Mas aqueles que ousaram três vezes
ficar num lado e no outro, mantendo a alma livre
de toda a espécie de injustiça, esses seguem a vereda de Zeus,
além da torre de Crono. Aí, à volta da ilha
dos bem-aventurados, sopram
as brisas do oceano; refulgem as flores de ouro,
umas em terra nas árvores lustrosas,
enquanto a outras alimenta o meio aquático;
de tais flores entrelaçam as mãos com grinaldas e tecem coroas,
sob as sentenças justas de Radamanto,
a quem o grande pai mantém sentado à sua beira,
o marido de Reia, ela que de todos
tem o trono mais elevado.
Peleu e Cadmo contam-se entre eles.
E Aquiles, a quem trouxe — após ter persuadido
o coração de Zeus com súplicas — a mãe.
Foi ele que derrubou Heitor, de Tróia
a forte coluna invencível, e deu Cicno à morte,
assim como o filho etíope da Aurora. Muitas
são as velozes flechas que tenho debaixo
do braço na aljava,
flechas que falam a quem compreende! Mas em geral
é preciso intérpretes. Sábio é quem muito sabe por natureza.

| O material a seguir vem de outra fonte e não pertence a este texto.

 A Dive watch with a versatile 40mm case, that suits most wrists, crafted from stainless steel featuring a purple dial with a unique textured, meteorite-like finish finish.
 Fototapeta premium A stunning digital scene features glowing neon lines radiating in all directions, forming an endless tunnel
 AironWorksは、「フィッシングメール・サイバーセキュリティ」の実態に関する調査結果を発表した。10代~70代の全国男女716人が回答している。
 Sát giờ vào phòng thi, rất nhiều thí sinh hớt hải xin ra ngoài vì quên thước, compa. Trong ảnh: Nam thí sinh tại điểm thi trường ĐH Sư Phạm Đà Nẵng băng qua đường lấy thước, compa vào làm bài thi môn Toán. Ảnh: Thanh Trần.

Os que precisam de aprender são como corvos
alarves na garrulice, que grasnam em vão
contra a ave sagrada de Zeus.
Aponta o arco para o alvo: vai, meu coração! Em quem
acertaremos de novo com espírito gentil, disparando
as setas da fama? Na verdade,
apontando para Agrigento,
proclamarei sentença jurada com mente veraz:
em cem anos nenhuma outra cidade gerou
homem mais benfazejo nas intenções
para os amigos nem com mão mais generosa
do que Terão! Mas ao louvor chega a saciedade
quando não é contida com justeza, mas, instigada por homens gananciosos,
pretende linguajar
e obscurecer as belas acções
de homens bons. Pois os grãos de areia escapam à contagem.

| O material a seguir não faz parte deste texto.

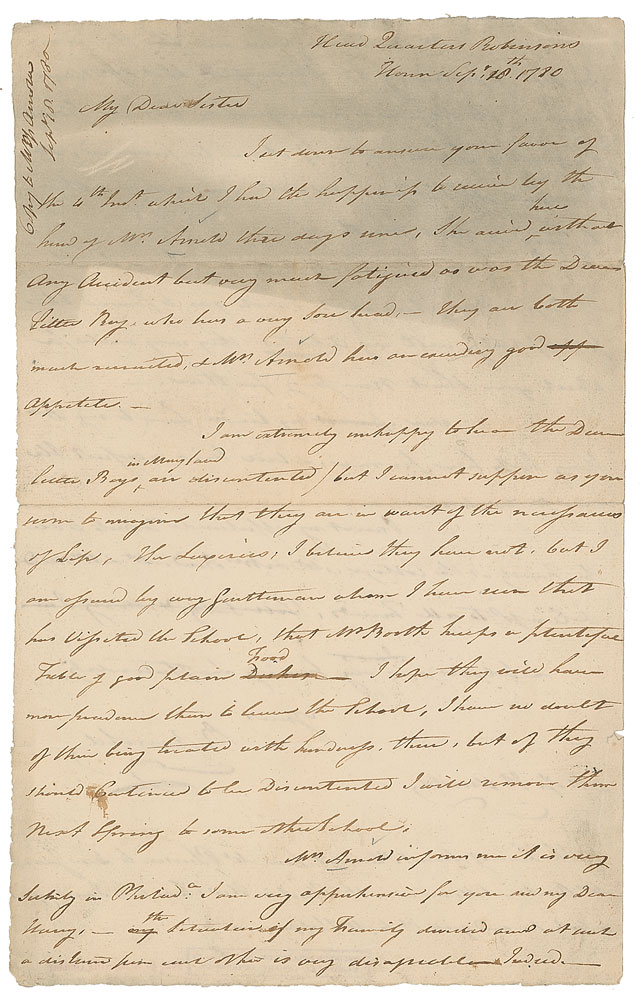 Superb Revolutionary War-dated ALS, signed "B. Arnold,” one page, both sides, 8 x 13, September 16, 1780. Addressed from "Head Quarters Robinsons House" in West Point, New York, Arnold writes to his sister Hannah Arnold in Philadelphia only days before he would meet with John André to finalize his plans to turn the Hudson River stronghold of West Point over to the British. Additionally, he reports to his sister the safe arrival of his wife, Peggy Shippen Arnold (1760-1804), at West Point and inquires on his three sons who were in his sister's care.
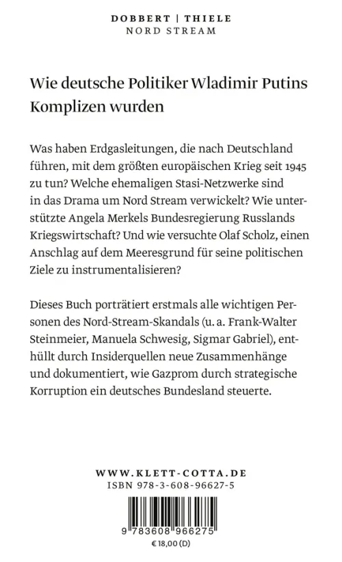 Jahrelang kämpft die Landesregierung in Mecklenburg-Vorpommern für den Bau der russischen Ostsee-Pipeline und stellt sich in den Dienst Putins. Ungestört baut Gazprom in Deutschland ein korruptives Netzwerk auf. Steffen Dobbert und Ulrich Thiele enthüllen besorgniserregende Zusammenhänge: Warum fließen 200 Millionen Euro aus Moskau an die deutsche Ostseeküste? Weshalb gibt eine deutsche Behörde geheime NATO-Daten an Gazprom weiter? Wieso ignoriert die Bundesregierung ukrainische Warnungen vor einer Kriegseskalation? Und sie zeigen, wie dutzende Volksvertreter sich für die Energieaußenpolitik Putins einsetzen, wie ein Ex-Spion der DDR einen folgenschweren Deal mit Gerhard Schröder und Manuela Schwesig verabredet und wie ein geheimes Schiff in der Ostsee an der Fertigstellung der Pipeline arbeitet. Sie entlarven die Strategien, mit denen Putin die EU spaltet, die Ukraine schwächt und Entscheidungsprozesse in Demokratien manipuliert.
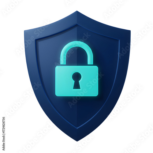 A digital illustration of a dark blue shield with a glowing cyan padlock symbol in the center, representing security and protection.
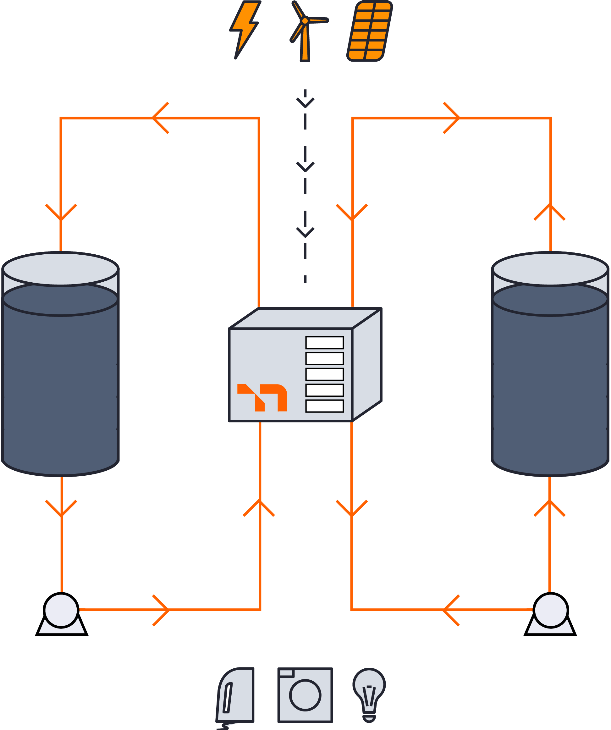 Unlike other batteries, where the total power and amount you can charge from it are fixed, Mhor flow batteries offer absolute flexibility through modular storage solutions that can scale and optimise for a wide range of applications.

E todas as alegrias, que aquele homem proporcionou aos outros,
quem as poderia contar?
"Poesia Grega de Hesíodo a Teócrito". Tradução de Frederico Lourenço
A falta de tempo é um dos problemas que Lourenço espera que possa ser
ultrapassado quando se reformar. “Talvez quando me reformar me possa
dar ao luxo de fazer uma edição a partir do zero, com a consulta direta
dos manuscritos”, admitiu ao Observador. “Terei de escolher um autor de
quem haja manuscritos na Biblioteca Laurenciana de Florença, porque ela
fecha sempre às 14h. O resto da tarde será para rever igrejas e voltar
todos os dias aos Uffizi”, que guarda alguns dos mais importantes
trabalhos dos grandes mestres da pintura italiana.

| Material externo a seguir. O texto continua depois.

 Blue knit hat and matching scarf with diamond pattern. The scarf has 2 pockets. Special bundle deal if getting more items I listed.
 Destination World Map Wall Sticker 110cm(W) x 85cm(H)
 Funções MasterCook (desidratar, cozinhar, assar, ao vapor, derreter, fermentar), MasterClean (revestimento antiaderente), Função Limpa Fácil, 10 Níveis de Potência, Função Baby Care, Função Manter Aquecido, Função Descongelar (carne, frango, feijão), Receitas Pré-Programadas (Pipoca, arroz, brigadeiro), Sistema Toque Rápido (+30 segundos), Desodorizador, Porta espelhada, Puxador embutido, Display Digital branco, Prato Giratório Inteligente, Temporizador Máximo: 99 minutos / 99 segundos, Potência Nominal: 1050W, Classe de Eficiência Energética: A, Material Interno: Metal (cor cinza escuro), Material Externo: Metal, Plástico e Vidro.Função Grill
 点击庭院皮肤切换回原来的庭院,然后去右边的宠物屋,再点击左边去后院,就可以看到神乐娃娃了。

Escolher o seu museu favorito em Florença parece ser fácil, mas o
mesmo não se pode dizer quando se trata de selecionar um poema favorito
da sua antologia. “Adoro todos.” Ainda assim, “se tivesse de escolher o
meu poema preferido da poesia grega, excetuando a Ilíada e a Odisseia,
que estão no topo de pirâmide, escolheria a ‘Ode Olímpica II’ de
Píndaro, cuja edição e tradução me deram uma felicidade enorme”. E
porquê? Porque “é um poema espiritualíssimo sobre o Agora e sobre o
Além, imbuído de um misticismo que tem tudo a ver comigo. Na arte, na
literatura e na música, prefiro de um modo geral as coisas santas às
profanas, embora eu próprio de santo não tenha nada e até seja, em
termos de personalidade, saudavelmente profano.”